JournalStar.com

Letters, 7/22: Spend lives, treasure better


Tuesday, Jul 22, 2008 - 12:52:53 am CDT
Edgar Pearlstein’s letter (July 18) spoke some good sense about Iraq.  We have to separate the colossal blunders that (1) got us there and (2) wasted our victory, from the debate of what comes next. And we must stop polarizing the discussion.

Bush’s successor, whoever, will have to clean up his tragic mess.  Barack Obama will have to back off the 16-month or so promise.  (Unless Afghanistan gets so bad that drawdown in Iraq is obviously unavoidable.) Straight-talking John McCain speaks with forked tongue when he says “100 years is fine with me,” and then waffles with qualifiers like “presence” and “no one getting killed.”  There is no conceivable scenario for that either.

What McCain means is the popular We Will Stay As Long As It Takes.  An open-ended commitment to keep Iraq among our highest national priorities, however we might need those resources elsewhere. Iraq is not important enough for that pledge.

We cannot afford a 100-year, or 50-year or 10-year campaign in Iraq, even if casualties ended tomorrow and a friendly, unified, stable, secular, democratic Iraq was likely to emerge at the end of the tunnel.  We can cross off two or three of these previous goals right now. 

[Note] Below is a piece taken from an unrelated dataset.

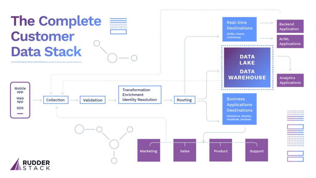 You can also ingest data from cloud application sources (like Customer.io) and BI tools (like Looker). You can route ingested data to more than 60 destinations, including real-time/streaming destinations like Apache Kafka and Amazon Kinesis, warehouses like Google BigQuery and Snowflake and ML tools like AWS Personalize (not to mention cloud tools like Amplitude, ZenDesk and AppsFlyer).
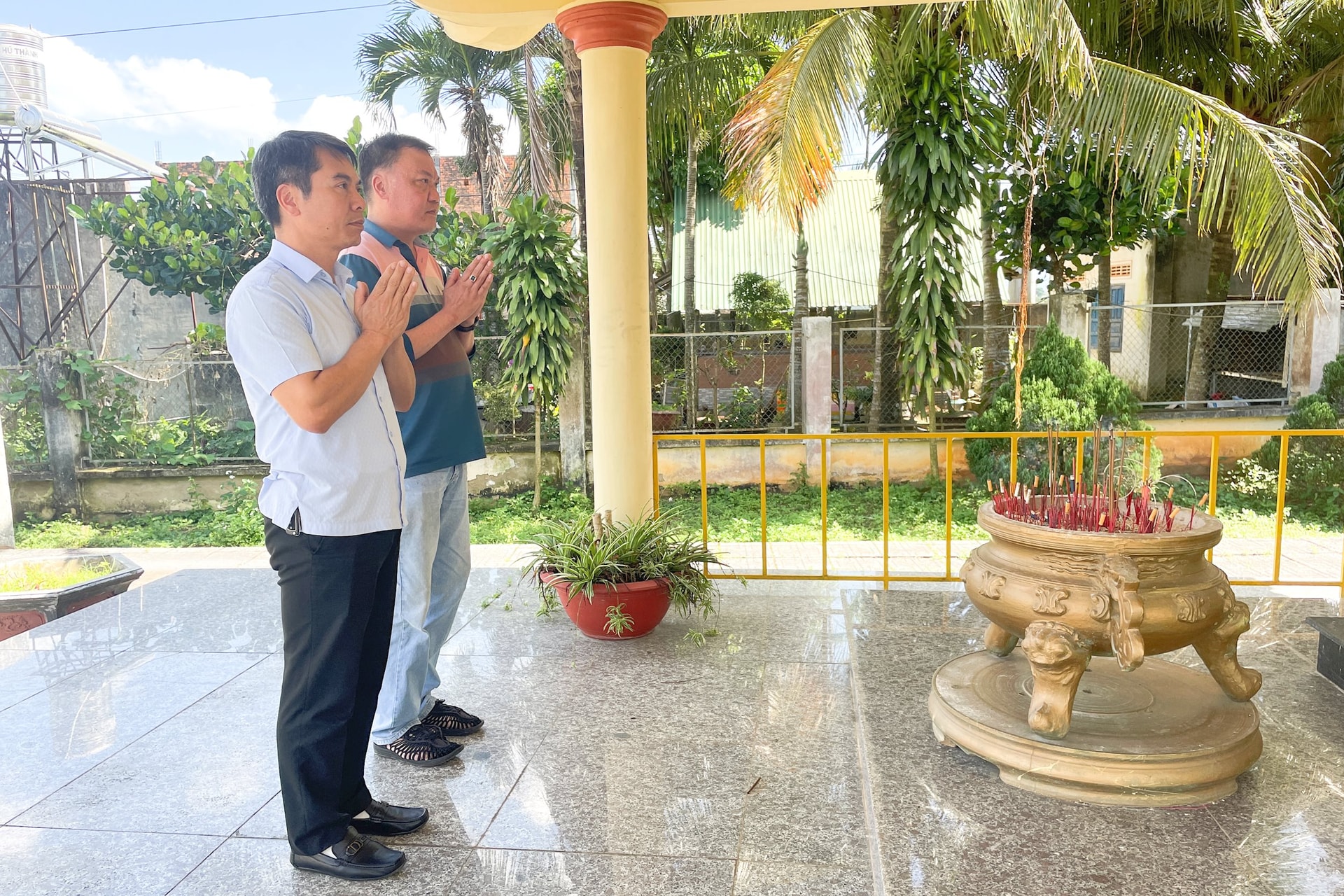 Ngôi nhà hai tầng của gia đình anh Cường sát cạnh Nhà bia. Mỗi ngày, anh Cường đều tự nguyện vào thắp hương, quét dọn, tỉa cây, cúng thuốc lá, cà phê, dù không có chế độ nào và anh cũng không đòi hỏi công lao.

We cannot afford what we’ve already invested there. By overseeing this Iraqi insurgency we are crippling ourselves and unforgivably handicapping our grandchildren, not to mention badly eroding our ability to fight terrorists.

We must weigh how better to spend lives and treasure, whatever the possible consequences over there.  A ton of devastation in our wake is a given, along with animosity and loss of international stature and advantage.  We’re fiddling now with decisions that might somehow alleviate a little bit, but won’t erase it, and will cost us plenty more that we cannot afford.

Tom deShazo, Lincoln

A slippery slope

Government is bailing out home loan companies to the tune of billions of dollars. President Bush says he won’t bail out General Motors, but the way bailouts are going, don’t bet on it.

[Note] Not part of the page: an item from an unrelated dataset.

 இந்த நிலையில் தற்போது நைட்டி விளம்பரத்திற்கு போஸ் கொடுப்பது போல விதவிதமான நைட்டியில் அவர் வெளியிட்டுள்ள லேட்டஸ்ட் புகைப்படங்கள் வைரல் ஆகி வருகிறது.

General Motors is laying off, freezing pay, closing plants, discontinuing some models and trying to sell off others to keep afloat.

One thing they are also doing is quitting health insurance on salaried retirees at age 65. How convenient that is the age Americans can draw from a government medical program called Medicare.

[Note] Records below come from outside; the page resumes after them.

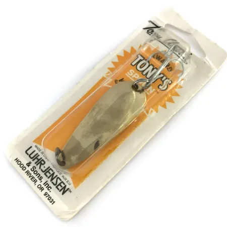 Tämä aitoon 24 karaatin kultaan upotettu, paksusta metallista valmistettu lusikkauistin on säilynyt alkuperäisessä Luhr-Jensen & Sons -pakkauksessaan Hood Riverin, Oregonin aikakaudelta. Viehe on käyttämätön ja sen kuntoluokitus on 6, mikä kertoo sen hyvin säilyneestä tilasta kirkkaassa myyntipakkauksessa. Tuotekoodilla 4933-005-0599 (9488) tunnistettu 11 g (2/5 oz) painava uistin on pituudeltaan 5,5 cm (2 1/4") ja sen takapuolen etiketissä on valmistuspäiväleima 22.06.99. Tony Accetta -lusikat tunnetaan selkeästä stansatusta muotoilustaan, jossa 24K kultaviimeistely maksimoi valon heijastuksen heitto- tai vetouistelussa. Varustukseen kuuluu vankka kolmihaarakoukku perässä ja valmiiksi porattu reikä kärjessä siiman turvallista kiinnittämistä varten. Tässä nimenomaisessa yksilössä on tallella alkuperäinen monikielinen luettelotarjous pakkauksen kääntöpuolella, mikä oli tyypillistä Luhr-Jensenin kansainväliselle jakelulle 1990-luvun lopulla.
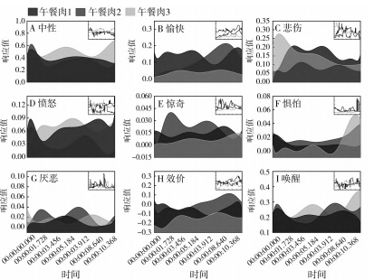 實驗人員觀察3種午餐肉時,情緒喚醒響應值維持在0.3左右,機體對樣品的反應強度類似。“中性”表示未引起實驗者情緒表達,“中性”值越高,情緒表達越低。“愉快”和“驚奇”的響應值越高,越能說明樣品的可接受度高;而“悲傷”、“憤怒”、“懼怕”和“厭惡”的響應值越高,說明樣品的可接受度越低。為了描述便利,本文將“中性”標為情緒壓制,“愉快”和“驚奇”2種情緒稱為積極情緒,“悲傷”、“憤怒”、“懼怕”和“厭惡”4種情緒稱為消極情緒。從視覺上分析,午餐肉2引起實驗者的情緒表達最高,午餐肉1最低;午餐肉3的積極情緒響應值明顯低于另外兩種,而午餐肉1比午餐肉2更能使人感到愉悅。從觀測時間上看,午餐肉1“愉快”響應值突降的時間正是午餐肉2“驚奇”響應值陡增的時間,說明情緒的分配是不平衡的,也可以反映出隨著觀察深入,午餐肉2的某些特征更能獲取實驗者的青睞。從消極情緒上看,3種午餐肉“憤怒”和“厭惡”的響應值接近,而“悲傷”和“懼怕”的響應值差異更顯著,而這兩種消極情緒都表明午餐肉3的接受度最低,午餐肉2的接受度最高。此結論和傳統的感官評價結論一致,都表明午餐肉2的外觀更能讓人相信食物“美味”。
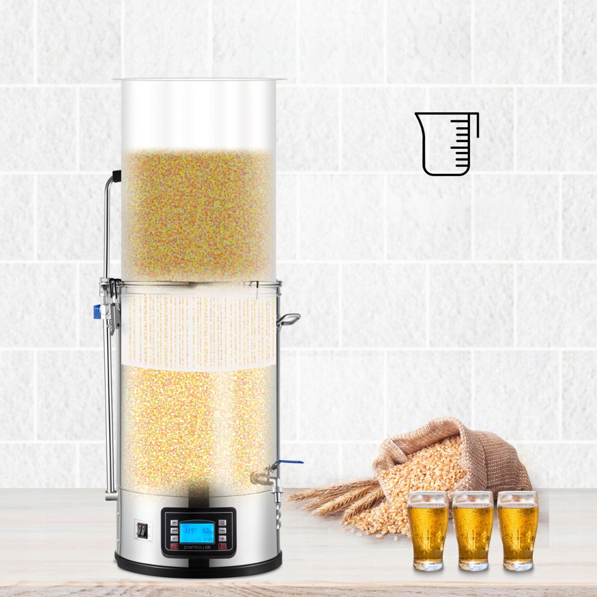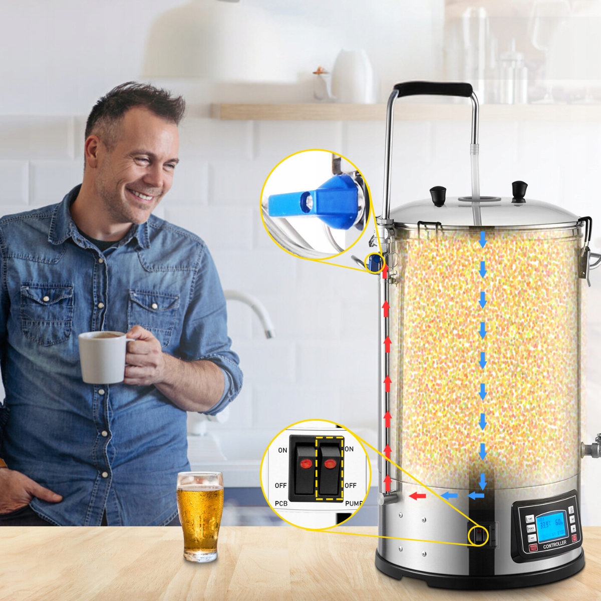✔ Большая емкость заваривания: Система имеет чашу емкостью 35 л и может весить до 30 л пива b>, что позволяет затирать до 8 кг солода за раз. Это идеальное решение для домашнего и коммерческого использования.
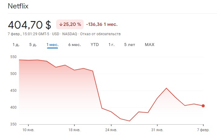 В последнее время стоимость акций компании «Netflix» довольно сильно просела. Еще в начале-середине января цена за одну акцию достигала 540 долларов и больше, тогда как сейчас акция едва ли стоит 400. На нижнем же пике стоимость падала вплоть до 350-360 долларов. Все это привело к существенному снижению капитализации компании. За это время сервис потерял несколько десятков миллиардов собственной стоимости. Но почему же так произошло?

If America gets national health care, what’s to keep poorly managed companies from quitting their employee health insurance at an age younger than 65 and expecting a bailout. How many workers including me have you heard say I’d quit work except for my company’s health insurance?

When people live as good or better not working than working, odds are they’ll quit work. America’s shrinking taxpayer base is sliding into a hole that will be hard to climb out of.

Bill Allen, Blue Springs

The $35M is just interest

Why? Why do the county commissioners want to indenture their citizens 20 versus 10 years and charge them as much as $100 million for a jail that’s worth $65 million?

The up to $35 million extra is only interest. It does nothing for Lancaster County, its citizens, nor does it improve the new jail’s quality or standards.

The up to $35 million would, however, buy 8.75 million gallons of $4 gasoline to transport prisoners to and from court (based on 10 miles roundtrip, at 15 miles per gallon). That’s a lot of gas, folks; enough for more than 13 million trips.